As Sage Jacob came forth into the world at 9 lbs. and 11oz. and 23 inches long a deep stillness came over me. An exhale you feel all the way to the core of your being. He is pure undiluted light. My midwife told me once that there is a unique connection that comes with birthing a breech baby because your hearts are aligned and in sync, and I believe her. I am not saying I love him more or even that we get along better but we have a link, an understanding, a spark that binds us together as spirits.
Remembering these next few moments are the hardest. After being handed my new son and snuggling him close, things changed fast. Gone was the peace inlaid state that had filled our bedroom, fear had crept in while I wasn’t looking. The blood of my body was leaving me. A kind of panic I never seen before became apparent on my families faces. I couldn’t understand why my midwife was frantic; I knew in the end all would be fine. I truly felt untouchable.
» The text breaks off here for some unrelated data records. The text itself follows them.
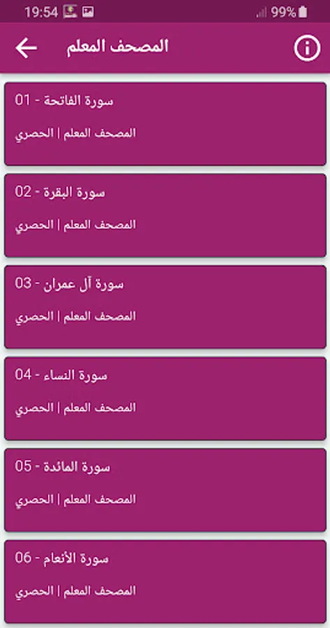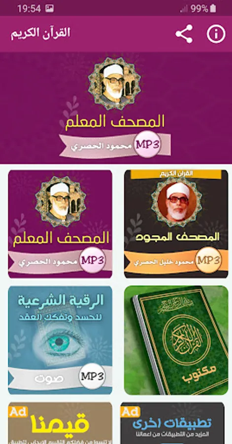 The application of memorizing the Noble Qur’an, complete with the voice of the reader Mahmoud Khalil Al-Hosari, allows you to hear the surahs of the Holy Qur’an with ease so that you can enjoy reciting the Qur’an with high sound quality
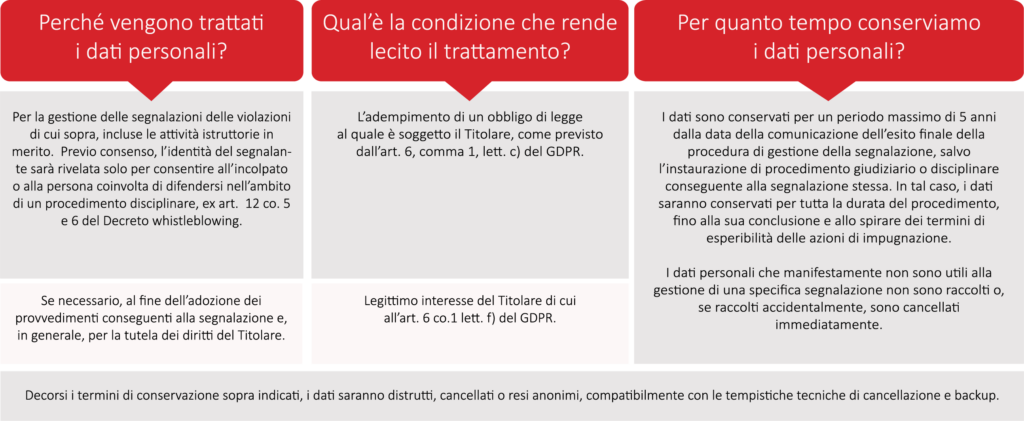 I dati comuni del segnalante, nonché tutte le informazioni riconducibili a persone fisiche fornite dal segnalante in ordine a specifici comportamenti, atti od omissioni ritenuti potenzialmente illeciti, ai sensi del Decreto whistleblowing, nonché lesivi dell’interesse pubblico o dell’integrità del Titolare. – Fonte dei dati: i dati del segnalante, quelli del segnalato e/o di terzi sono forniti direttamente dal segnalante stesso e/o da terzi nel corso delle attività istruttorie.
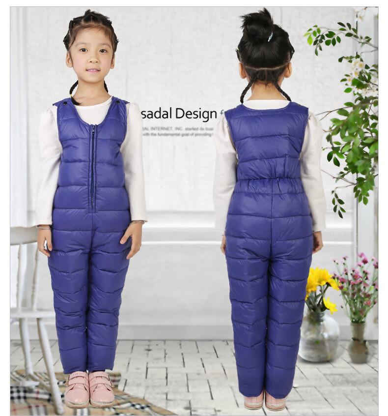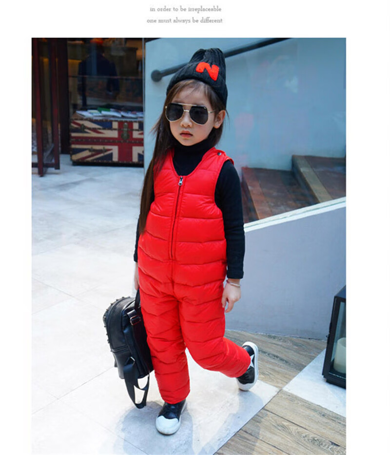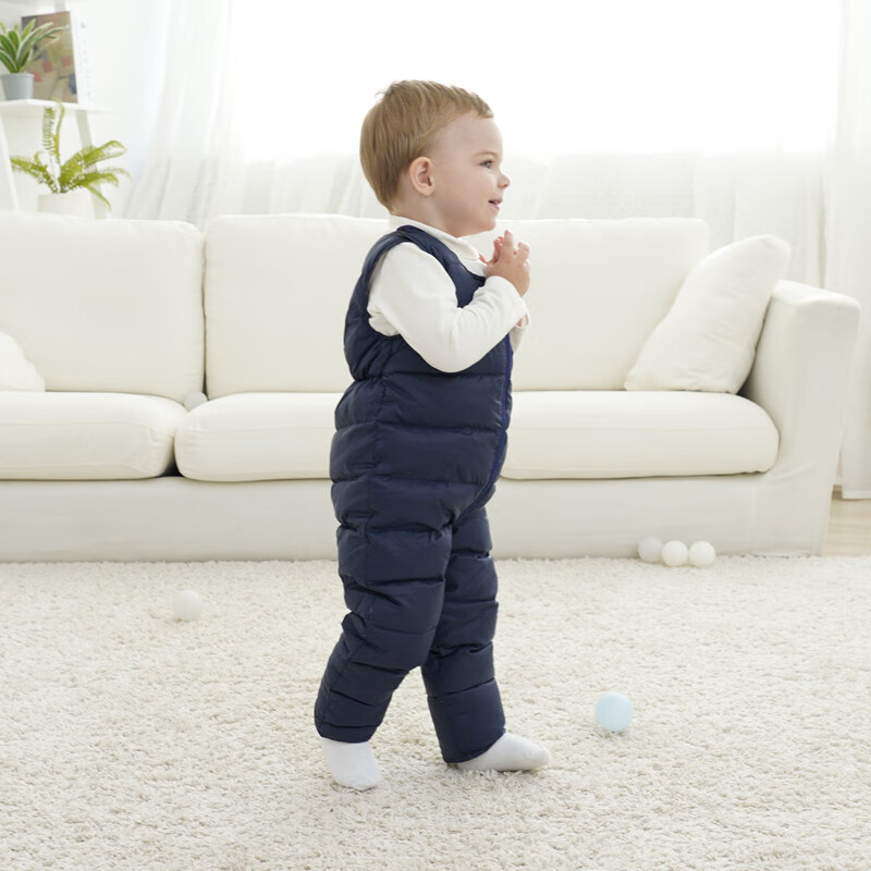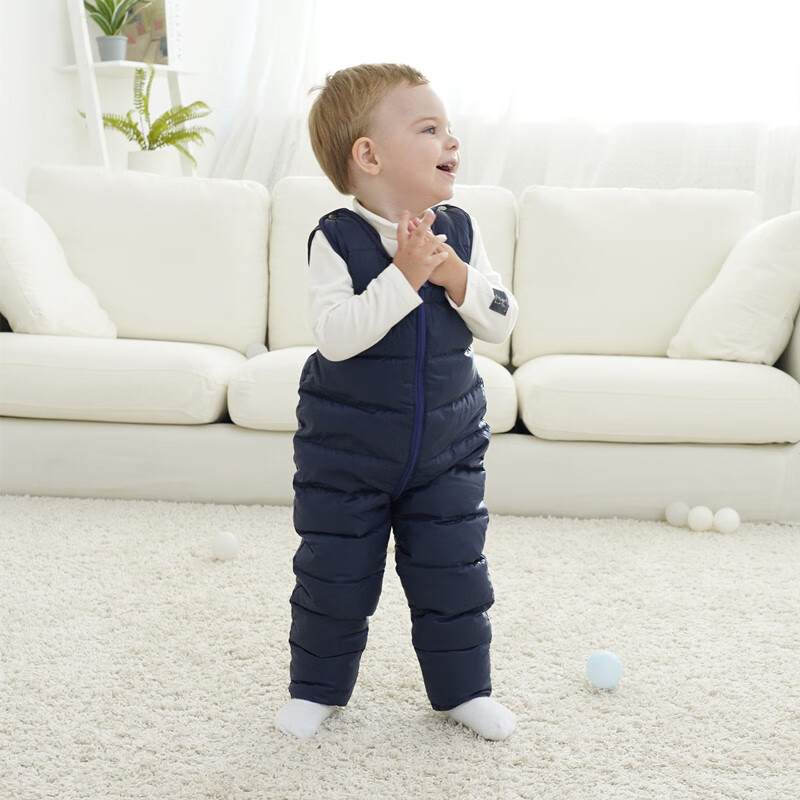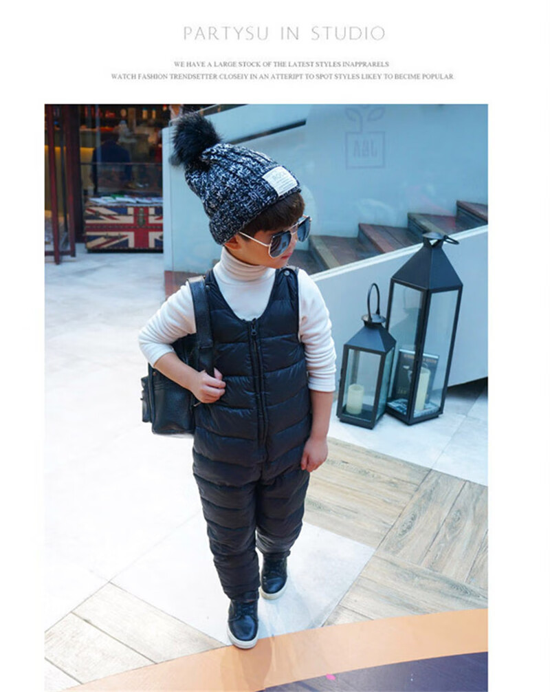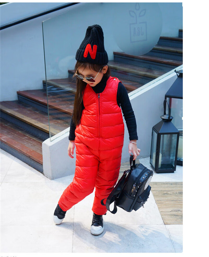 G.DUCKKIDS children's down pants for boys and girls, lined down overalls, thickened baby down pants, baby cotton pants for inner and outer wear, black upgrade (chest zipper, crotch can be closed, can be 100cm

I remember her trying to will my body to comply; offering up prayers to whatever God would listen. My head started to feel heavy and words started to sound like they came through a long pipe before they got to my ears. Finally in desperation my midwife, this woman I loved, just looked at me and told me to make it stop. She all but stomped her foot at me, “Make it stop!” The words ‘I can do that’, rang out in the front of my mind again and I did. Singing songs I learned at my mother’s side as she attended women gave me focus. I drew upon the endless supply of energy and I sealed my wounds. I bathed in pure love as all my fears and inhibitions were cleansed from my soul. I was alive.